Why Kurds aren't Iranian/Persian. An article especially made for the person called "Kurdi"

The Kurdish people are an Indo-European and non-Arab population that inhabits the transnational region known as Kurdistan, a plateau and mountain area in Southwest Asia including parts of Iraq, Turkey, and Iran and smaller sections of Syria and Armenia. They speak Kurdish, an Indo European language of a similar lineage to that of Persian. They are widely thought to be descended of the Medes. Xenophon the ancient Greek historian recorded the Kurds in the Anabasis as "Khardukhi" a fierce and protective mountain dwelling peoples who attacked his armies in 400 BC. Although many Kurds live in modern-day Middle-Eastern countries, it is worthy to note that they differ from Arabs, Assyrians, Persians, Turks and others, both culturally and ethnically. [1]

Example:
Kurdish men
Image

Iranian men
Image

Kurdish women
Image

Iranian women:
Image

Historians, Kurds and Kurdistan

The Ottoman historians of the incorporation of most of Kurdistan into the Ottoman Empire in the early 16th century; Sharaf Khan, the ruler of Bitlis who wrote a detailed history of all Kurdistan's ruling families towards the end of that century; Evliya Çelebi, the Turkish traveller who spent years in various parts of Kurdistan in the 17th century — all of them used the name Kurd in practically the same way and applied it to the same population. So did Ottoman and Persian administrators, down to the early 1930's, when mentioning Kurds became unacceptable in Turkey. Their Kurds consisted of those tribesmen of eastern Asia Minor and the Zagros, settled as well as nomadic, who were not Turkish, Arabic or Persian-speaking.[3] They included speakers of Kurdish proper as well as Zaza (in the Northwest) or Gurani (in the Southeast, with more isolated pockets throughout present Iraqi Kurdistan), Sunni Muslims as well as Shi`is and the adherents of the various heterodox sects in the region. There was only some ambiguity about the Lur and Bakhtiari, living to the Southeast of the Kurds proper, whom some authors called Kurds and others considered as separate groups. (The same ambiguity still persists in the self-definition of at least some of the Lur today.) It is important to note also whom they appeared not to include among the Kurds: the numerous non-tribal peasants and townsmen living in the same area, who included Muslims as well as Christians, and many of whom spoke Kurdish (or Gurani or Zaza) dialects as their first language.

Kurdish language

In each of the countries in which the Kurds live, moreover, the various Kurdish dialects have during the present century undergone a considerable influence of the official language, most clearly in vocabulary but also to some extent in syntax. Closely related dialects spoken on either side of an inter-state boundary have thus begun drifting apart. [Persian, Arabic, Turkish]...[2]

Persian discrimination

The main problem with Persian culture is its lack of tolerance for diversity. Kurds, Bahai, and Jews, have been suffering greatly because they are different and do not accept the way Persians treat them.[4]

An Iranian view

Another neighbor who had close dealings with the Kurds and wrote a useful study of the early phases of the Kurdish movement was the Iranian general Hassan Arfa, who had personally taken part in the suppression of Kurdish tribal uprisings in the 1920s.[6] Arfa was a loyal servant of the Peacock throne, but as an Azerbaijani he was sensitive to the tensions between ethnic identity and citizenship. He rejected Azerbaijani as well as Kurdish separatism but understood the sentiments behind it and wrote sympathetically on the Kurds at the time that the first modern armed Kurdish nationalist uprising was in progress in Iraq.

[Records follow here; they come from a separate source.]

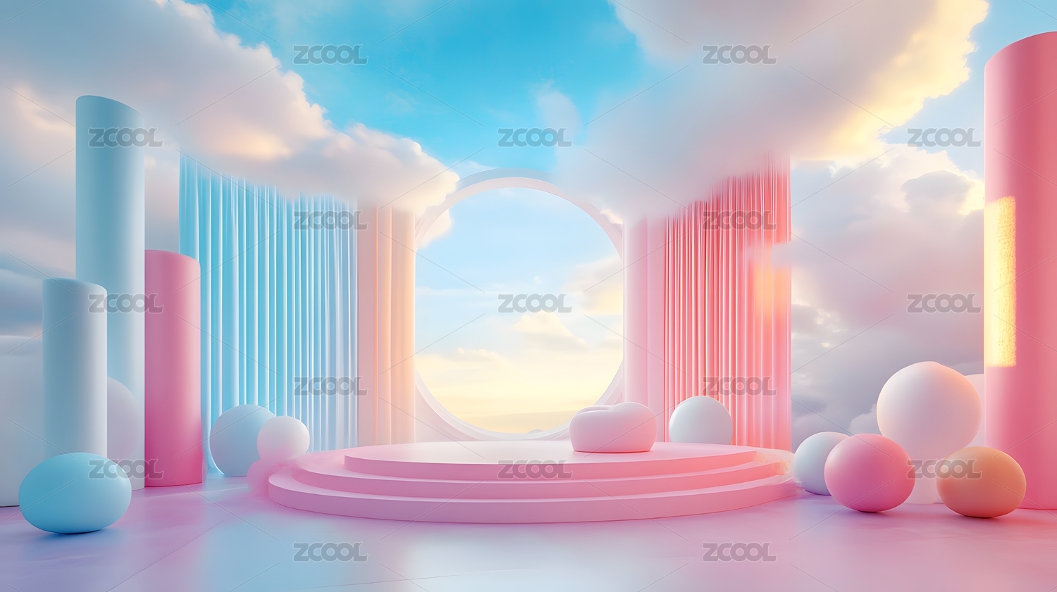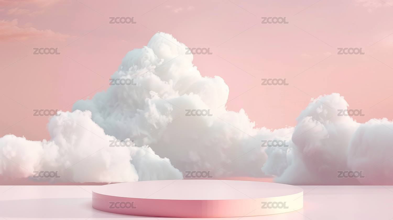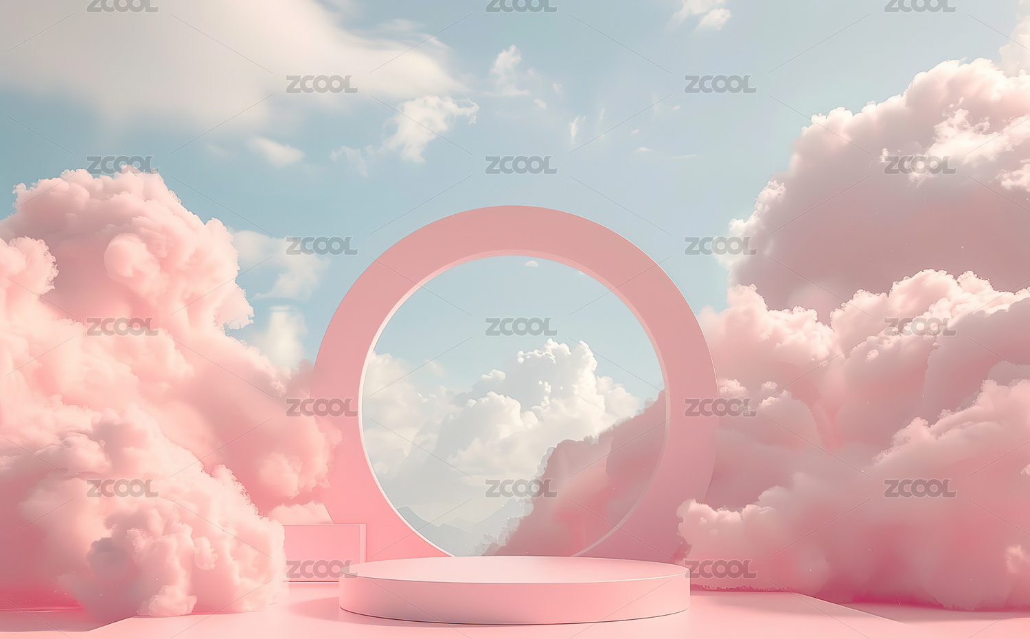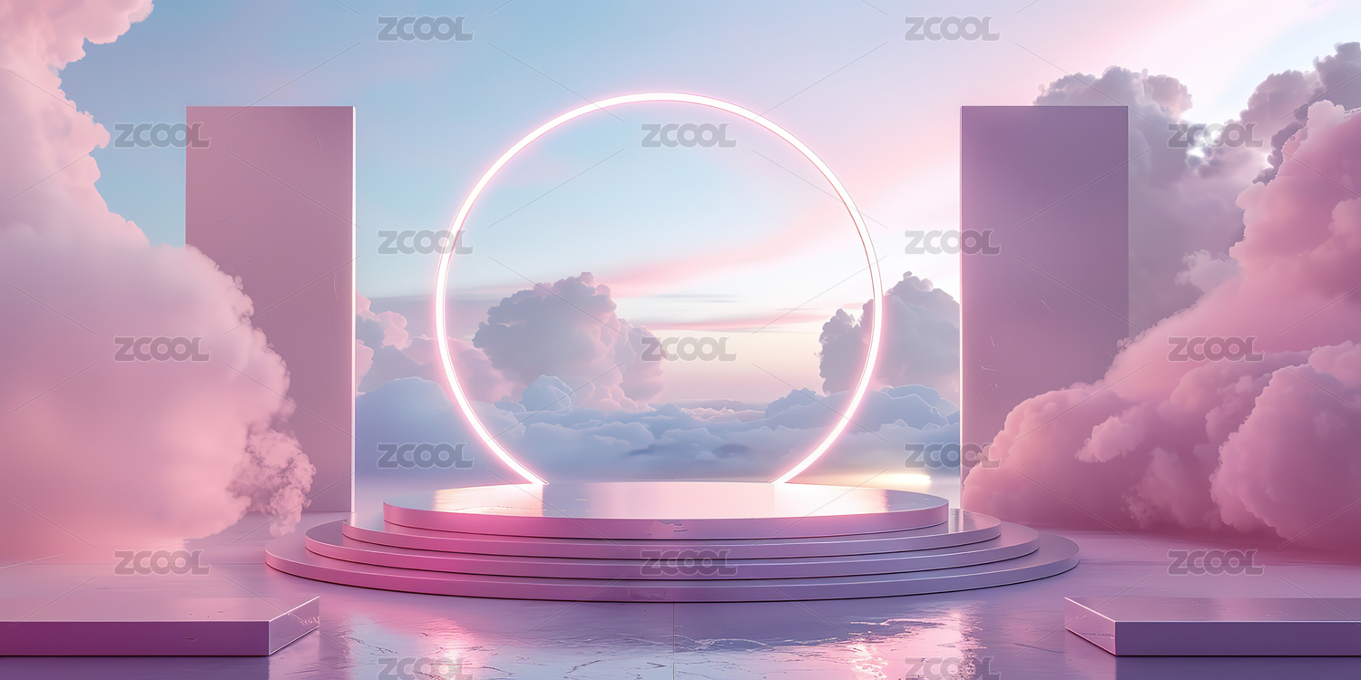 蓝天白云背景粉色立体圆形中产品展示台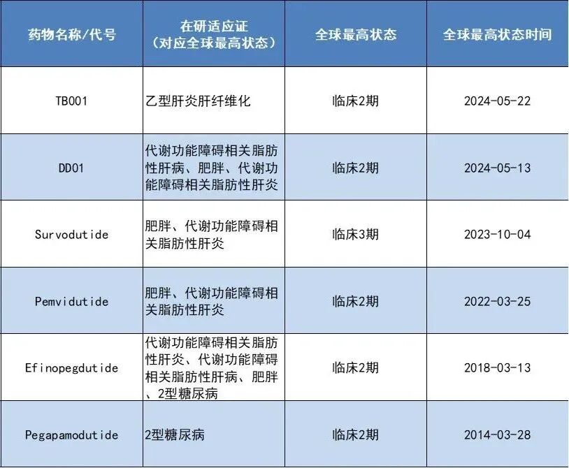 据公开资料,目前处于活跃研发状态且已经进入临床2~3期的GLP-1/GCG双重受体激动剂共有6款,以期为患者带来更多治疗新选择。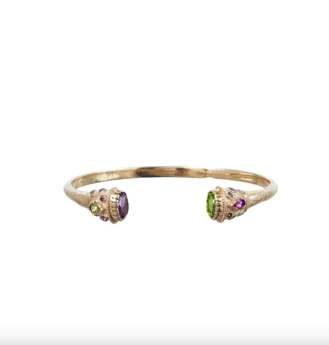 Composition : Améthyste, péridot, citrine et rhodolites, laiton plaqué or 24 carats, 3 microns.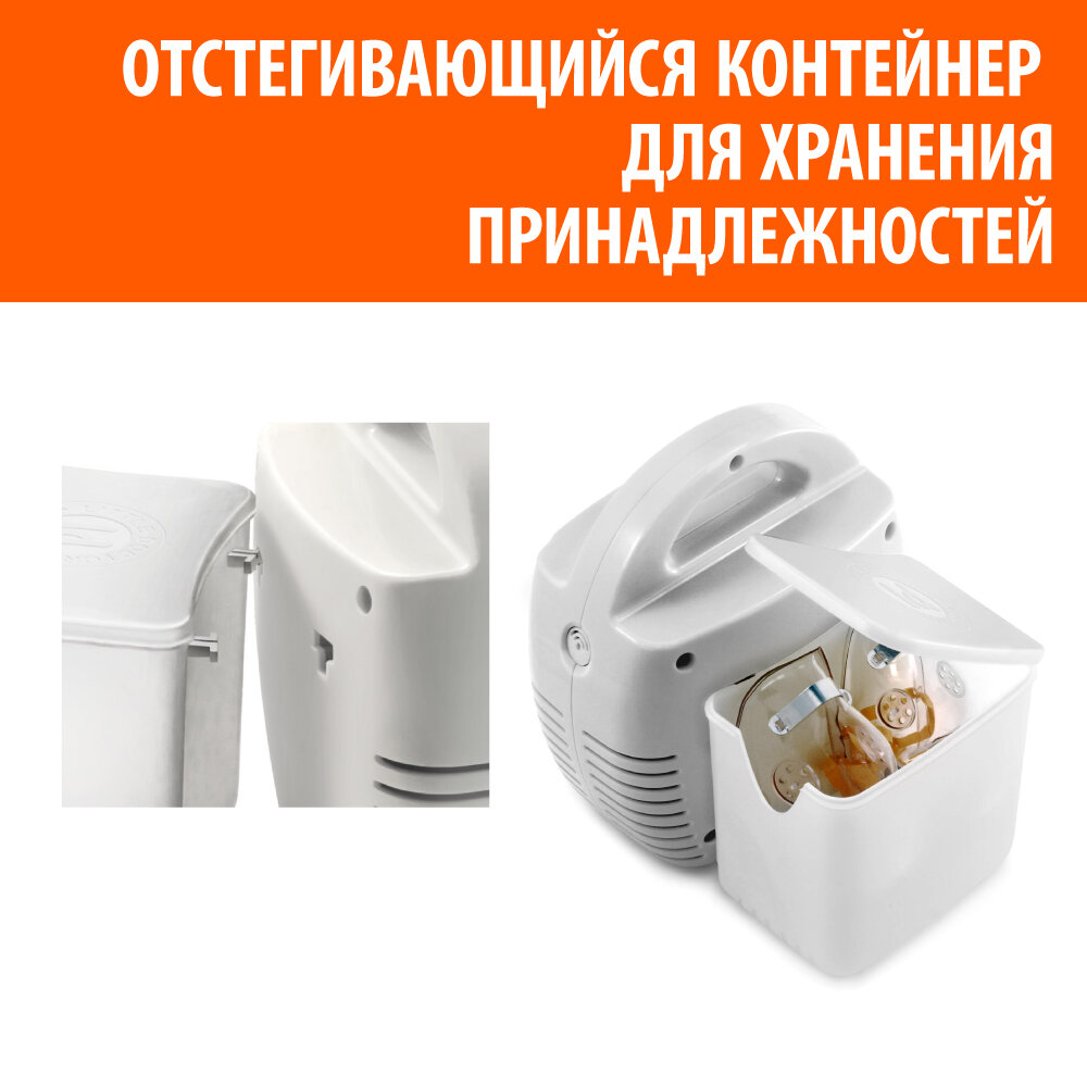 | Плюсы: | Простой, надежный ингалятор, хорошая комплектация, две маски детская и взрослая в комплекте, легко моется после использования. Есть пристегивающийся контейнер для аксесуаров. |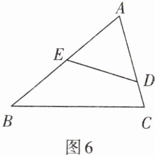 2. 如图6,在△ABC中,E是AB的中点,AB= 6,AC= 4.5,∠ADE= ∠B,求CD的长.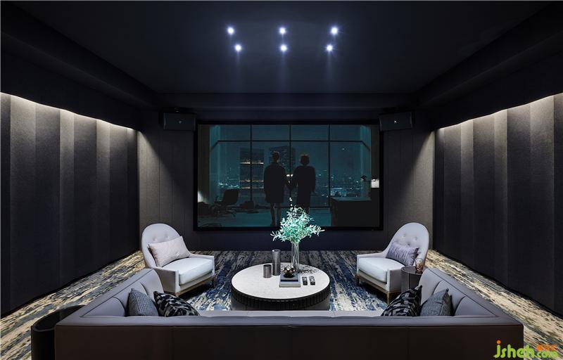 负一层的影音室营构了一个家人互动的休闲场景,智能化影音设备在有限的空间里提供了无尽的想象,通过丰富多彩的感官体验令情绪得到放松。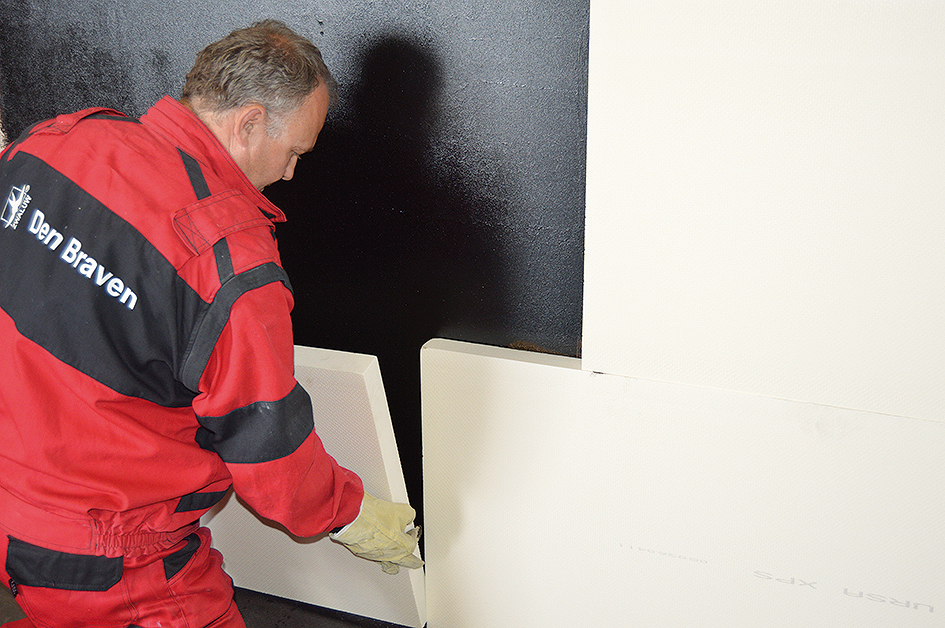 Nalepené tepelnoizolačné dosky sa dostatočne pritlačia a skoriguje sa ich poloha. Rovinnosť uložených dosiek sa zistí vodováhou. Priestor medzi polystyrénom a stenou sa nesmie tesne uzatvoriť.

“Although the Kurds have always lived under two – or, as at present, three Powers – by their speech, customs and costume, as well as by their own consciousness of being Kurds and thus different from [their non-Kurdish neighbors], they have always formed an entity and for the same reasons they consider themselves now entitled to be counted as a nation even if in the past this conception was alien to them.” [5]

“The Turks say: ‘you are Turks not Kurds; there are no Kurds in Turkey.’ (….) They do not allow that there is any Kurdish question in Turkey.
The Iranians accept the Kurds as such but they say that, as the Kurds belong to a group of the Iranian race they form the Kurdish branch of that race and are therefore part of Iran, and in any case Iran is a multiracial empire based on history, tradition and a common fealty to the Shahinshah. So for Iranians too, no Kurdish question exists.
The Iraqis say: ‘you are Kurds we are Arabs, but together we are Iraqis. Iraq is a part of the Arab nation, but as you are not Arabs we agree to granting you autonomy on our terms, on condition that you continue to be sort of Iraq, without the right or the power of secession.’”

Celebrated Turkish traveller Evliya Çelebi on Kurdistan and the origins of the Kurds

In official Ottoman parlance, Kurdistan was the name of a province (eyalet), an administrative unit. For Evliya, the term refers primarily to the Kurds as an ethnic category, irrespective of political and administrative boundaries.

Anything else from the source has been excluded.